Where it comes from at Happy Acres is 56 certified organic acres, most of which is roamed by goats, more than 200 at this point. They’ll hitch up their front legs on the fence to eat the peanuts Simonin provides and look you straight in the eye with their beguiling rectangular pupils. But that’s just the beginning of the tour, for in two hours you will get to milk a goat yourself, find out the temperature of new milk, tour the cheese-making facility wearing a decidedly non–fashion-friendly set of booties and hairnet, and get to mix your own goat cheese flavorings, from herb to sundried tomato. All that activity will be narrated by the gregarious Simonin, so be ready for her stream of puns to no doubt get your, er, goat.

She’s certainly a cheerleader for the sustainable, goat-filled life. “We had a field trip of 90 1st graders the other day,” she explained, “and 85 percent of them thought that milk could come from boy goats and girl goats.

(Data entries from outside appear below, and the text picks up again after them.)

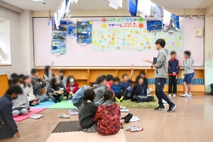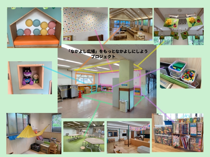 令和元年度から3年度まで幼保小連携事業推進地区であり、また令和4年度から6年度までは接続期カリキュラム研究推進地区として、園と小学校のスムーズな接続を研究していたこともあり、本年度は子供たちと一緒に、1年生も安心できる環境づくりに取り組むことにしたのです。そこで、まずは近隣の若葉保育園で先生体験をするところから始めました。そこで子供たちが気づいたのは、「園はとても温かくて、のんびりできる空間だ」ということ。『学校にもこんな場所があったらいいのにな』という思いが芽生えたと言います。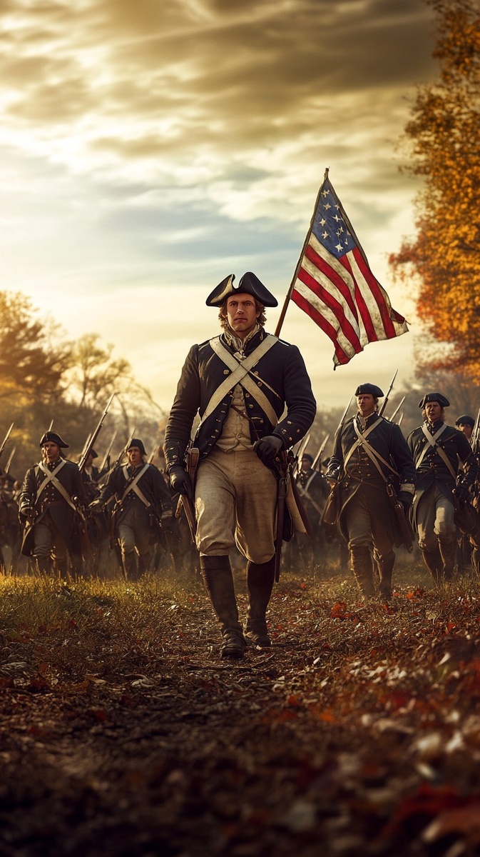 Создано на основе запроса: Benedict Arnold leading American troops to victory at the Battle of Saratoga, Revolutionary War era, dramatic battlefield, waving American flags, British soldiers retreating, heroic pose, intense sky, autumn trees in the distance, 18th-century uniforms, photorealistic, cinematic lighting, epic mood, --- Автоперевод: Benedict Arnold leading American troops to victory at the Battle of Saratoga, Revolutionary War era, dramatic battlefield, waving American flags, British soldiers retreating, heroic pose, intense sky, autumn trees in the distance, 18th-century uniforms, photorealistic, cinematic lighting, epic mood, Что скажешь? 🤔 https://dzen.ru/id/65c0c65c86e4f837c27b24d7 #ИИ #AI #нейросеть #midjourney #art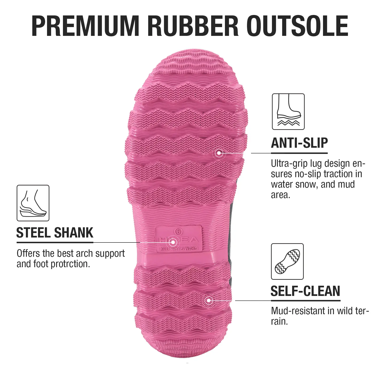 ·Waterproof Rubber: Ensures your feet stay dry. 🌧️

A hundred years ago, kids didn’t know what a Nintendo DS was, but I’m sure they knew milk came from a girl goat.” She does realize she can get a bit too over-the-top with her zeal for illustrating the more pastoral life, adding, “Do I sound Little House on the Prairie-ish?” and then adopting an overdone hickish accent to add, “Someone come tie my corset!”

Stephanie Simonin with her kids.
George Yatchisin

Simonin’s Happy Acres story begins with Stella, her first goat, originally purchased to nurse an orphan calf (Simonin’s husband is a cattle rancher). “I got her in order to bottle-feed a calf,” she recalled, “but the goat was so cool she let the calf suck right off of her. We just made the ramp taller as they grew.” Later, when one of Simonin’s children had some health problems, she read that goat’s milk is easier to digest than cow’s milk, so gave her child goat milk. “Things cleared up, so that’s when I became totally obsessed,” she claimed. “That’s when the whole project started to form.”

Or perhaps that’s starting “to farm,” as Happy Acres also features organically grown produce and an unusual mix of alpacas, hens, miniature donkeys, and horses. The operation is overseen by Simonin, and her mother, Laurie Scattini, who came onboard to make the cheese and develop goat-milk skincare, from cleansers to lotions. In general, it’s a female-run farm, for as Simonin explained, “The goats respond well to gentle words and gentle touch. They are very social animals. My goats respond well to having names and their pampered lifestyle. They wouldn’t know what to do if they were suddenly a number.”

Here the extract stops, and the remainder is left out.